The EO creates a two-tiered system of notifications and prohibitions with unclear distinctions as to why certain behavior is acceptable to be in the notification-only regime

The EO outlines a national emergency, yet gives latitude for Treasury to not actually prohibit swaths of the activities it says are an emergency to address. This must be clarified through more clear policy guidelines and directly prohibiting transactions on a consistent basis. 

The EO states:

“(b) The regulations issued under this section shall identify categories of notifiable transactions that involve covered national security technologies and products that the Secretary, in consultation with the Secretary of Commerce and, as appropriate, the heads of other relevant agencies, determines may contribute to the threat to the national security of the United States identified in this order.  The regulations shall require United States persons to notify the Department of the Treasury of each such transaction and include relevant information on the transaction in each such notification.

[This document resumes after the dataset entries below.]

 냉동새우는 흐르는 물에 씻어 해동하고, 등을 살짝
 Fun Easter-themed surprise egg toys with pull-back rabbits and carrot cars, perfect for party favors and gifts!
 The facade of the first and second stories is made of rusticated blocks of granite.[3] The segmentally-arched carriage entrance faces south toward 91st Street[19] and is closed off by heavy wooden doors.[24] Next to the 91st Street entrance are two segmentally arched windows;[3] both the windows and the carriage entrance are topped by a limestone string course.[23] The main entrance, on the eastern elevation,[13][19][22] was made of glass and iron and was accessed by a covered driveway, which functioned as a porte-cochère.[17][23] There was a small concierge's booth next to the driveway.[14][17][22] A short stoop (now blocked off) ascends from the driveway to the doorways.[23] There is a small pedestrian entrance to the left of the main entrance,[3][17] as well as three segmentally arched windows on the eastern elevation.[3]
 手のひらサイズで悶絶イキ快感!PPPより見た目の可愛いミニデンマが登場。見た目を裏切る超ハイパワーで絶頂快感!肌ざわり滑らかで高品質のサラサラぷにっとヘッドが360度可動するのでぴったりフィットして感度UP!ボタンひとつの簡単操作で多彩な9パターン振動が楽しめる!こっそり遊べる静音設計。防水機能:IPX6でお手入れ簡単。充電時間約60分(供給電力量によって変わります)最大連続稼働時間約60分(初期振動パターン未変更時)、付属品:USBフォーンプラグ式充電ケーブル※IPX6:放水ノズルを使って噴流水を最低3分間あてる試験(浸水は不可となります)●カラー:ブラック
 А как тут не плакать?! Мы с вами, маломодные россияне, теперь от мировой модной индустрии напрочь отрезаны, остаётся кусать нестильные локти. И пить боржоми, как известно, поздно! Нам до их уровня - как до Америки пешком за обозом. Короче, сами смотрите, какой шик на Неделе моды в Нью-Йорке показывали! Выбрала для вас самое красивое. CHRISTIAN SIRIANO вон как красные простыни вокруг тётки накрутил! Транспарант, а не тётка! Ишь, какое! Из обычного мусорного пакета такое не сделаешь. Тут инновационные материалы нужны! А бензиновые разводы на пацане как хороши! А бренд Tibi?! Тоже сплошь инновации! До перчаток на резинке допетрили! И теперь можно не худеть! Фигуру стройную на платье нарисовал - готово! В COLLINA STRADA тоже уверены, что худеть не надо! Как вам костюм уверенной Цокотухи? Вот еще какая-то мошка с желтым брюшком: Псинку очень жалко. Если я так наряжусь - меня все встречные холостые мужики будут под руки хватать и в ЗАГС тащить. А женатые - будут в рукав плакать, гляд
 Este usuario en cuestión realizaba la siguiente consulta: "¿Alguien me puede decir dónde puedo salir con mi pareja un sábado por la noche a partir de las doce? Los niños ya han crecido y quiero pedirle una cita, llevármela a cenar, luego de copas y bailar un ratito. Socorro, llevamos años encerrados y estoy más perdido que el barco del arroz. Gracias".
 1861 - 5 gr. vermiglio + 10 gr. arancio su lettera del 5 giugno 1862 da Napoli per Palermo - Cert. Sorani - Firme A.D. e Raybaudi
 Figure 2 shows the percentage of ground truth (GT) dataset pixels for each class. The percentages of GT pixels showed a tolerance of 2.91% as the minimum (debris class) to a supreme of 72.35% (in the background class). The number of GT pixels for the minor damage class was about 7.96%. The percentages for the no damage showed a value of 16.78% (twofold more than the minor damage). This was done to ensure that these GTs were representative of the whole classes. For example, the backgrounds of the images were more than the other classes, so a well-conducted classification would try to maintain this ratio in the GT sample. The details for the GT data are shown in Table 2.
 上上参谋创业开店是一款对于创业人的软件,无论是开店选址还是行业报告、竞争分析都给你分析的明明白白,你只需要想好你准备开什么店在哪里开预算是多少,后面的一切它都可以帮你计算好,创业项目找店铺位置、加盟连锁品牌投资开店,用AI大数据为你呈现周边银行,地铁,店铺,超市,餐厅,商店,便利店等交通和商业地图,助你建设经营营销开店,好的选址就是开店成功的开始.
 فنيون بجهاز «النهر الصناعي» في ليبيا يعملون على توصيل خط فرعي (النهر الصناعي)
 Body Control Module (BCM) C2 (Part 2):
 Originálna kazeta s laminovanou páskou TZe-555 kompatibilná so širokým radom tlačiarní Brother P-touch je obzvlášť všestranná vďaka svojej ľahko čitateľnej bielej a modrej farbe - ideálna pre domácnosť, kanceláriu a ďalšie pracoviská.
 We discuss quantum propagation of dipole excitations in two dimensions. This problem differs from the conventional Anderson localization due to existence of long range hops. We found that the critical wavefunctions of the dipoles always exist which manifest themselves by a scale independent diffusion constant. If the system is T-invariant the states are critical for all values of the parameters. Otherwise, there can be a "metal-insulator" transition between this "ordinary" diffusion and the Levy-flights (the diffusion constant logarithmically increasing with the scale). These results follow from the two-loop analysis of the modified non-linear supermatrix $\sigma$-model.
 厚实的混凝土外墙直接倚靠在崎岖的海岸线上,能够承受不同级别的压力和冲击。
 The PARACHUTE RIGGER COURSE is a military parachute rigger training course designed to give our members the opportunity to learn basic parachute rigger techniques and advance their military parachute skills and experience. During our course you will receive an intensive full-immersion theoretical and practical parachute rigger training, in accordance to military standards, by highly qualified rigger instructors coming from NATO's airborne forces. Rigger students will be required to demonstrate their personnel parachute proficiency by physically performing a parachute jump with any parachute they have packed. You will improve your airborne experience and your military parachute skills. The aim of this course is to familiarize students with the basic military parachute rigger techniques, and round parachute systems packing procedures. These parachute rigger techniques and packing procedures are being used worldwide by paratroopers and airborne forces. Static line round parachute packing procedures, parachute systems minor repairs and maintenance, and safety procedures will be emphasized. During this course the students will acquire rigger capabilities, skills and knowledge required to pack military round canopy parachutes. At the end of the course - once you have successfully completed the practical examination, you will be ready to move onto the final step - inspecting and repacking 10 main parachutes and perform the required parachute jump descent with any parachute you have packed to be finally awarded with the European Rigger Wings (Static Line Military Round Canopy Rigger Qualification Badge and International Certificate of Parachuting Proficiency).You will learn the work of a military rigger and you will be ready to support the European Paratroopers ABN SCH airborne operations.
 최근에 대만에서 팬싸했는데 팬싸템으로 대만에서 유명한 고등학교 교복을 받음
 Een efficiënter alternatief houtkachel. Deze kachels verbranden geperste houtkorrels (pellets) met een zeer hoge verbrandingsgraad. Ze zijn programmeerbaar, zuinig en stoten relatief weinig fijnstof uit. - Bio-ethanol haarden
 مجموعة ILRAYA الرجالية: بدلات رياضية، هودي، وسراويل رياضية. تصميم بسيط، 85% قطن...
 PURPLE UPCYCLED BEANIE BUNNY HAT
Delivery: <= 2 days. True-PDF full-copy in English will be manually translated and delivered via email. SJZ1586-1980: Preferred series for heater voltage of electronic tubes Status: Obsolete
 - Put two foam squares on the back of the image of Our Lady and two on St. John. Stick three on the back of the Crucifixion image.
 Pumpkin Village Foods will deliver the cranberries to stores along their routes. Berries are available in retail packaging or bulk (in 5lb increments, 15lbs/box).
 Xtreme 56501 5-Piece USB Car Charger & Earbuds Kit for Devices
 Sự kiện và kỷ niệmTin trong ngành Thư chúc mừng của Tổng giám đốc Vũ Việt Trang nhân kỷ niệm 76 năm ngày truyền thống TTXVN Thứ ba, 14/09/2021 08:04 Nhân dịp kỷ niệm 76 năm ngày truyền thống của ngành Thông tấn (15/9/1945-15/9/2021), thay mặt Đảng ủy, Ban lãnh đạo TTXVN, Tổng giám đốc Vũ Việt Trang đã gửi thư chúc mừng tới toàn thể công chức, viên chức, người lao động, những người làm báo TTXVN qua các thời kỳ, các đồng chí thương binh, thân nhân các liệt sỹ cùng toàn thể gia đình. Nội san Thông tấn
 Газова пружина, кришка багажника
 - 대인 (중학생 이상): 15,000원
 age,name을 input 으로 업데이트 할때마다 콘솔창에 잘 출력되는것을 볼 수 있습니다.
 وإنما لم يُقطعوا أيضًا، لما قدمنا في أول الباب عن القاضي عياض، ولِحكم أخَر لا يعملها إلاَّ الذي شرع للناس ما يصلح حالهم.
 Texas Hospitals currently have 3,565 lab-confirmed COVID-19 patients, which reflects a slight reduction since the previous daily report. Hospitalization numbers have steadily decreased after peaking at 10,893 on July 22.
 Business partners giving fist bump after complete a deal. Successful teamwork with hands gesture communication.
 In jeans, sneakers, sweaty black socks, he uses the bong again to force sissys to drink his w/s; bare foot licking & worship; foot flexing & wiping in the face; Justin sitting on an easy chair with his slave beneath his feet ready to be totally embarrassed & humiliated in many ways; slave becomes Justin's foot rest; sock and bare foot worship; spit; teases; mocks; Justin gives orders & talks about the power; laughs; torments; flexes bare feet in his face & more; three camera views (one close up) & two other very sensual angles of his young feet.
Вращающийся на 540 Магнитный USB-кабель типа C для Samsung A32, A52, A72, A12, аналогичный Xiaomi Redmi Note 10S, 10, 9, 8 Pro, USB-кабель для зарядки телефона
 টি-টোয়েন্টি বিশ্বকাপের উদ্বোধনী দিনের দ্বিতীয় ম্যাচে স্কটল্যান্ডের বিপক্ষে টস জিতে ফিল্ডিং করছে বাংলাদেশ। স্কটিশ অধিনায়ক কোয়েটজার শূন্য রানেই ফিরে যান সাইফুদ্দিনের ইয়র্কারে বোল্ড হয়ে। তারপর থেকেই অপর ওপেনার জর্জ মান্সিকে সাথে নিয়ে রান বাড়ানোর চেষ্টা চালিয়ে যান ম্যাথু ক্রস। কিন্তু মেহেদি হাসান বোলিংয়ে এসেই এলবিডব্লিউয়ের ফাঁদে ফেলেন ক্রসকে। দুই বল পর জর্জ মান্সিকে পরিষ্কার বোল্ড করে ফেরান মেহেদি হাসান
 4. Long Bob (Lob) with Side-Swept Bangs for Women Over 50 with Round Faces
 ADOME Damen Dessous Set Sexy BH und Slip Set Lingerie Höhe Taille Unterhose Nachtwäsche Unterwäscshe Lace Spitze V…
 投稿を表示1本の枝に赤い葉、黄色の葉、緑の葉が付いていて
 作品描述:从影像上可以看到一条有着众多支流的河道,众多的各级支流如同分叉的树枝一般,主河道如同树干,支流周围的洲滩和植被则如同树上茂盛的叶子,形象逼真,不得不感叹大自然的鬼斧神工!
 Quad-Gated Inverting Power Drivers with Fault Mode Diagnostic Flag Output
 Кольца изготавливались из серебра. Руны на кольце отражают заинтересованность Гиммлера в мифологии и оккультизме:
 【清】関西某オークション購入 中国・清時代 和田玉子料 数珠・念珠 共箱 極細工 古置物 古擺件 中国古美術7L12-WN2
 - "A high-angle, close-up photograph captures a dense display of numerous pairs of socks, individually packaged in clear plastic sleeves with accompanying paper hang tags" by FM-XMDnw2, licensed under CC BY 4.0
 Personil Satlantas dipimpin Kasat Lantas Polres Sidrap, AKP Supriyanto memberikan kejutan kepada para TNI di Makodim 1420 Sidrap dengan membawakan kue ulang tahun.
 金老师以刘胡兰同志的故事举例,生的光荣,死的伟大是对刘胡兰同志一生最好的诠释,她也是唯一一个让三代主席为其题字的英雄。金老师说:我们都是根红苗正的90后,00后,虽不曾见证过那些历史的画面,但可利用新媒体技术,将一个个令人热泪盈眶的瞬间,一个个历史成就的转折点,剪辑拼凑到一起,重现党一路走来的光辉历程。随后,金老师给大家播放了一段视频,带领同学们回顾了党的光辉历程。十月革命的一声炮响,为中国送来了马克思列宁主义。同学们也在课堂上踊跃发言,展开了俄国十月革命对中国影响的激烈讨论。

(c)  The regulations issued under this section shall identify categories of prohibited transactions that involve covered national security technologies and products that the Secretary, in consultation with the Secretary of Commerce and, as appropriate, the heads of other relevant agencies, determines pose a particularly acute national security threat because of their potential to significantly advance the military, intelligence, surveillance, or cyber-enabled capabilities of countries of concern.  The regulations shall prohibit United States persons from engaging, directly or indirectly, in such transactions.”